On the 18th he reached the banks of the Saale where the troops he had been mustering and organizing in France had now been joined by Eugene and the garrison of Magdeburg.
The Czar and his Prussian ally were known to be at Dresden, and it soon appeared that, while they meditated a march westwards on Leipsic, the French intended to move eastward with a view of securing the possession of that great city. He had a host nearly 200,000 strong concentrating for action while reserves of almost equal numbers were gradually forming behind him on the Rhine. Napoleon arrived at Erfurt on the 23d of April, whilst Marshal Ney was taking possession of Weissenfels, after a contest which caused him to say "he had never at any one time, seen so much enthusiasm and sang froid in the infantry." And yet the veterans of Austerlitz, Jena, Friedland and Wagram had nearly all disappeared from the ranks, and the honor of those eagles, so long victorious, had been committed to young conscripts, hardly conversant with their exercise, and by no means habituated to the fatigues of war.
The armies met on the first of May,—sooner than Napoleon had ventured to hope,—near the town of Lutzen, then celebrated as the scene of the battle in which King Gustavus Adolphus died. The evening before the battle Marshal Bessieres was forcing a defile near Poserna, and having, according to custom, advanced into the very midst of the skirmishers, a musket-ball struck him in the breast, and extended him lifeless on the ground. His death was concealed from the brave men he had so long commanded and by whom he was greatly beloved, until after the victory of the following day.
The allies crossed the Elster suddenly, under the cover of a thick morning fog, and attacked the left flank of the French, who had been advancing in column, and who thus commenced the action under heavy disadvantages.

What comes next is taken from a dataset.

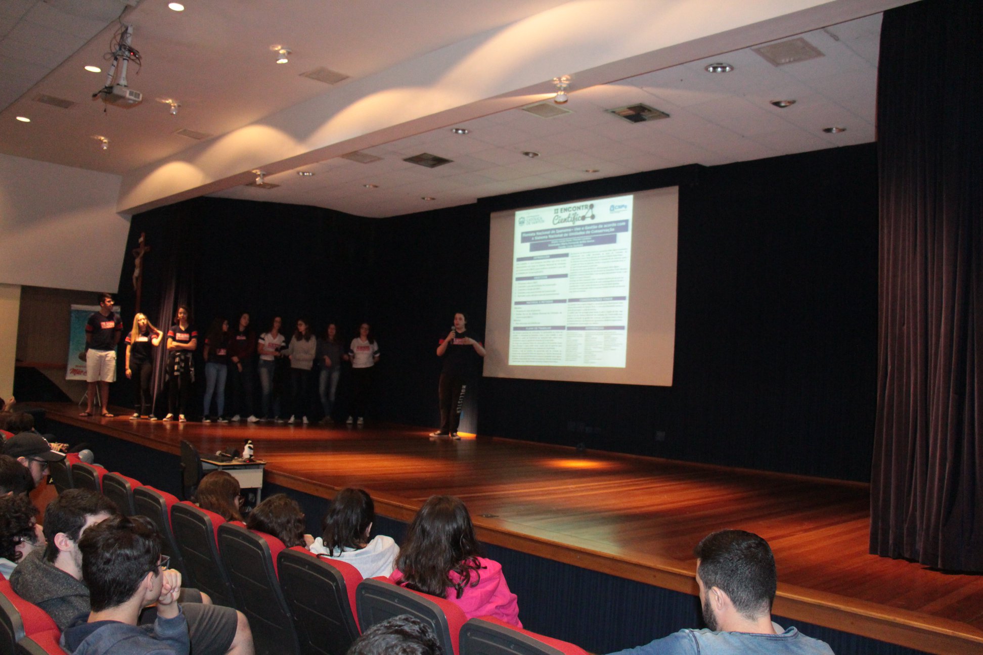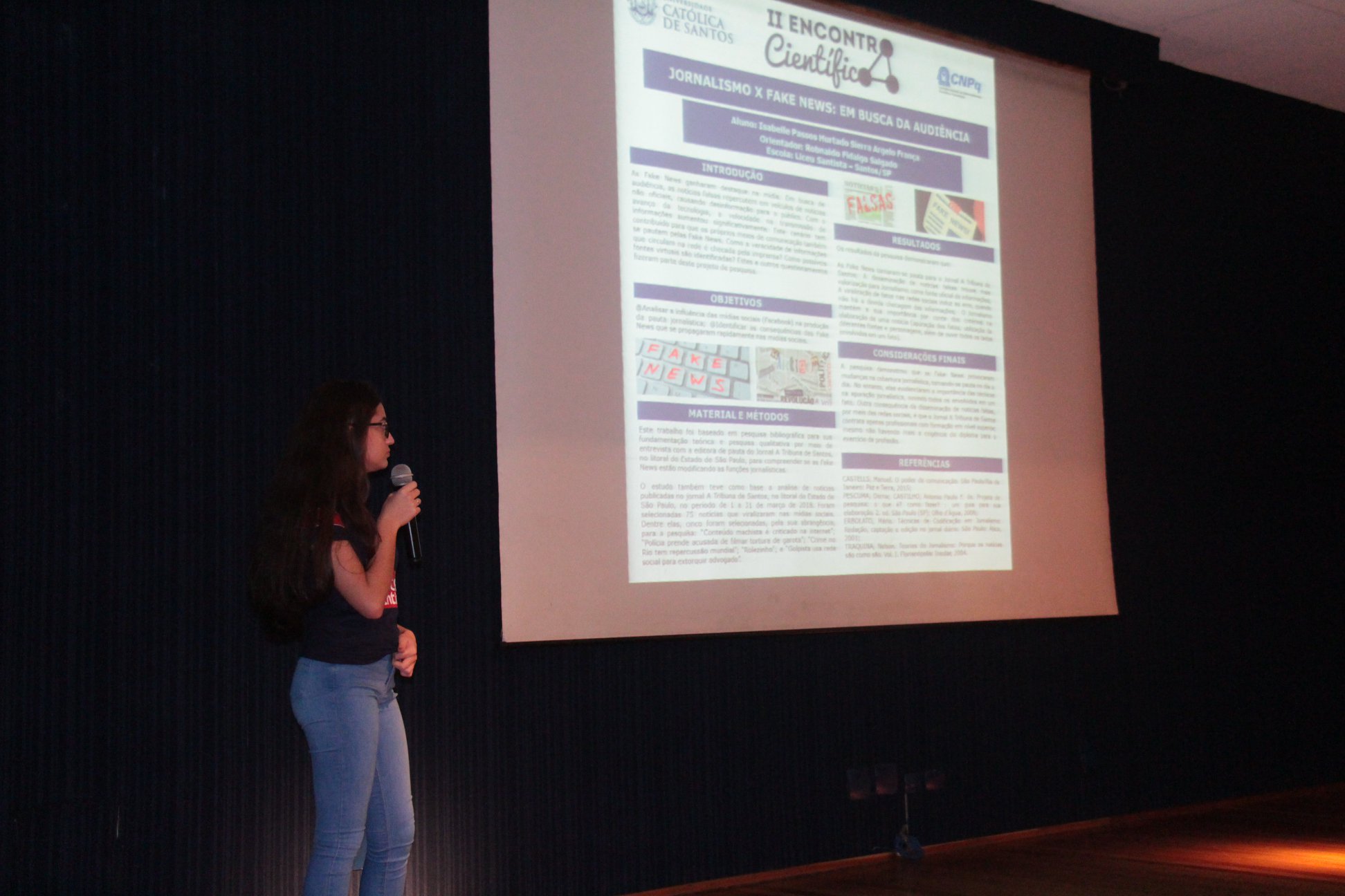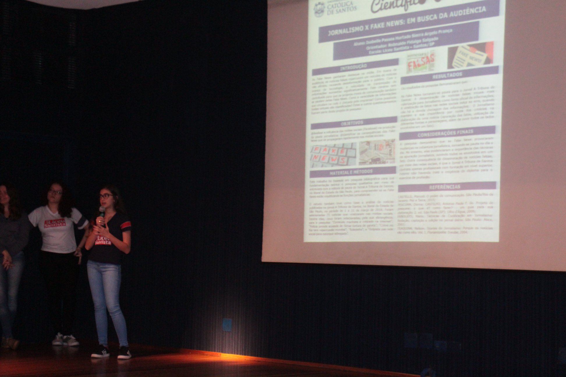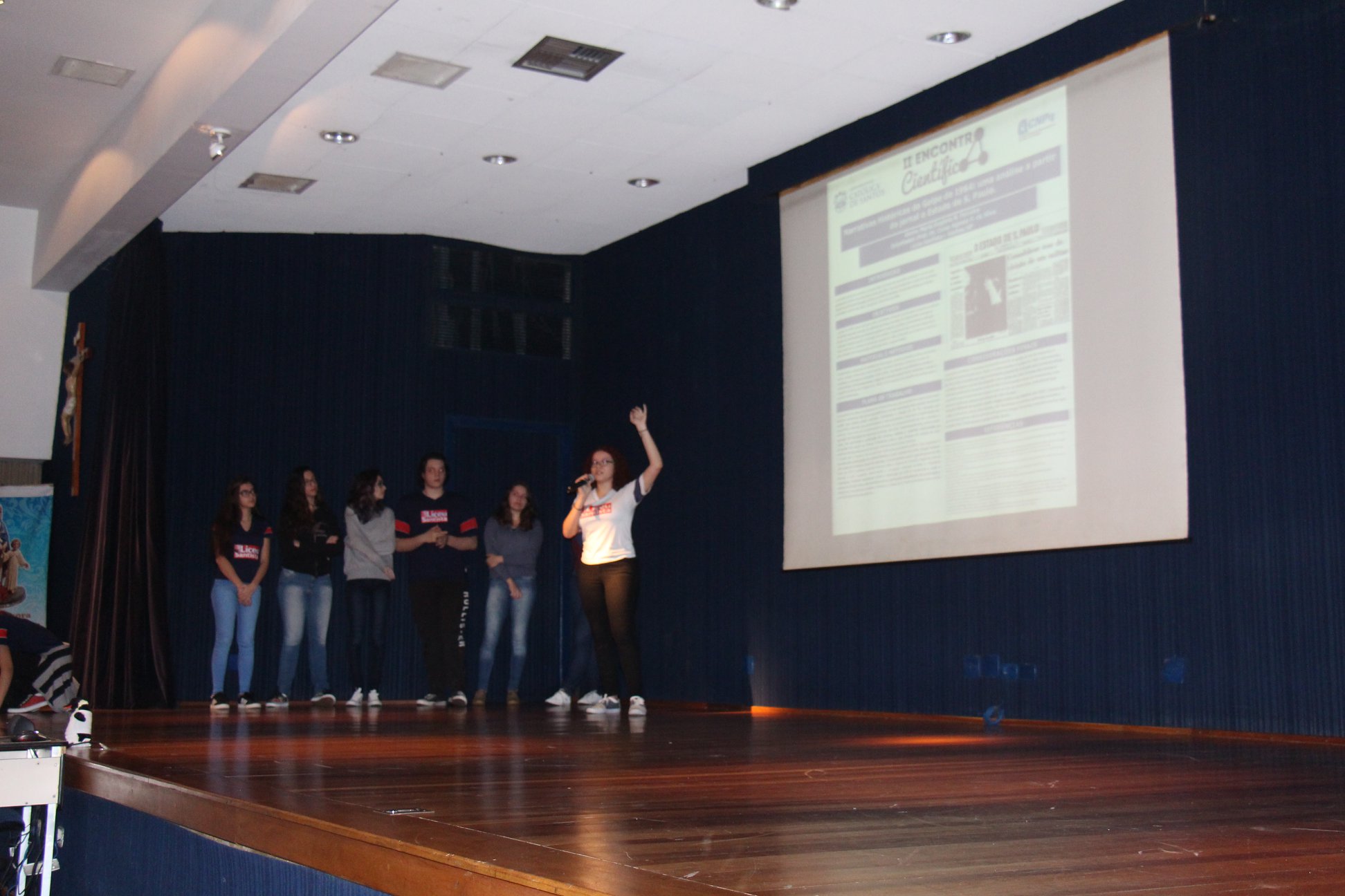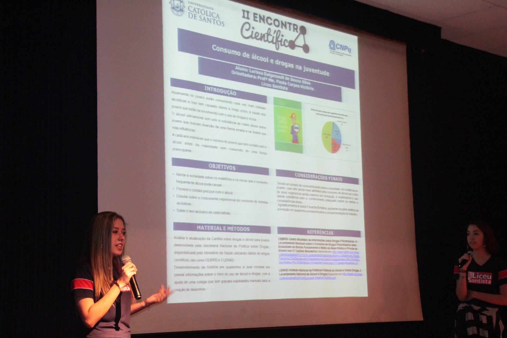 Um grupo formado por dez alunos do 3º ano do Ensino Médio que participaram do Programa de Iniciação Científica da Unisantos no ciclo 2017 / 2018 apresentou seus projetos de pesquisa no 2º Encontro Científico, realizado no Liceu Santista no dia 14 de agosto. Os trabalhos foram orientados por professores pesquisadores da universidade ao longo do ano letivo e abordam temas nas diferentes áreas do conhecimento. O professor Marco Bumba, membro do Comitê de Iniciação Científica, mediou as apresentações.

But the Emperor so skillfully altered the arrangement of his army, that, ere the day closed, the allies were more afraid of being enclosed to their ruin within his two wings, than hopeful of being able to cut through and destroy that part of his force which they had originally charged and weakened, and which had now become his centre.
Night interrupted the conflict and the next morning the enemy retreated, leaving Napoleon in possession of the field. His victory was less complete than was desirable although he lost but ten or twelve thousand men while the allies lost above twenty thousand.
A great moral effect was, however, produced by the battle. Napoleon, who had been regarded as already conquered, was again victorious. The Emperor immediately sent dispatches to every court in alliance with France, to announce the event. "In my young soldiers," he said, "I have found all the valor of my old companions-in-arms. During the twenty years that I have commanded the French troops I have never witnessed more bravery and devotion. If all the Allied Sovereigns, and the ministers who direct their cabinets, had been present on the field of battle, they would have renounced the vain hope of causing the Star of France to decline."
Beaten at Lutzen, Alexander and the King of Prussia fell back on Leipsic, thence on Dresden, and finally across the Elbe to Bautzen. A want of cavalry prevented their pursuit.
Napoleon entered Dresden on the 11th of May, and on the 12th was joined by the King of Saxony who still adhered to him. The Saxon troops once more decided to act in concert with the French. As Napoleon approached Dresden, he was waited upon by the magistrates who had been treacherous to him and to their king, and had welcomed the allies.